The Strategy has been written very convincingly and highlights all the “right” things; however, the commitments fall woefully short of offering real-term change in outcomes for those living with endometriosis. 

The ambitions around endometriosis put forward in the Strategy are, at best, poorly defined; there is an obvious lack of financial commitment and very little mention of when and how any of the ambitions will be met.

At worst, they’re harmful; there is a heavy reliance on endometrial ablation (burning spots of endometriosis with a laser), which is widely recognised by the endometriosis community as being much less effective than, for example excision (the removal of endometrial spots by cutting them out).  

There is also a disappointing lack of ambition to invest in research that could actually affect our understanding of the disease. 

At the moment, science doesn’t know what causes endometriosis, it hasn’t found a cure and diagnosis requires surgery, yet there is no commitment to conduct research into the cause or improved diagnosis and treatment of endometriosis. 

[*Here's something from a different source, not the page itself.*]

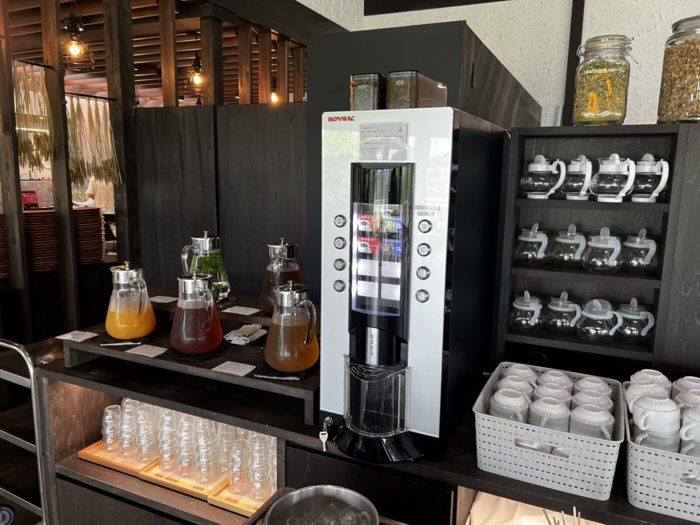 The restaurant offers herbal tea, coffee, orange juice, black tea, and more.

The Scottish “Women’s Health Plan”, released last year, is stronger on some of these commitments, but not, noticeably, on commitments to research that could really change the landscape.

Poor, outdated and incorrect information on endometriosis is highly prevalent and is a huge problem faced by the endometriosis community (it prevents people seeking the help and treatment they need and deserve) and, worryingly, it’s still peddled by sources you would expect to be reliable. 

On 11th August, an endometriosis advocate highlighted that charity Endometriosis UK had posted a previously removed video on their YouTube account that contained misinformation about treatment and diagnosis of endometriosis.  Rather than remove the video, they appear to have defended the content saying that it had been taken out of context. 

Advocate-led social media accounts (such as The Endo Informer) are working hard to combat this misinformation, but there shouldn’t be a need for endometriosis sufferers to do this. It should be the responsibility of the medical community.  The fact that lived-experience endometriosis advocacy accounts and groups exist in abundance on every social media platform I’m on demonstrates to me just how far we have to go with endometriosis. 

I’m following these accounts and doing my own learning (I know that there are things I have wrong and/or don’t understand yet), but educating endometriosis sufferers and the wider public shouldn’t be a burden placed on the endometriosis community.  

Awareness raising and conversations aren’t enough. Story sharing isn’t enough. 

We need real, quality education, genuine improved access to diagnosis and treatment services that help and real research into less invasive diagnostic procedures, what actually causes the disease and better ways to treat it. 

It’s time to move things forward with endometriosis.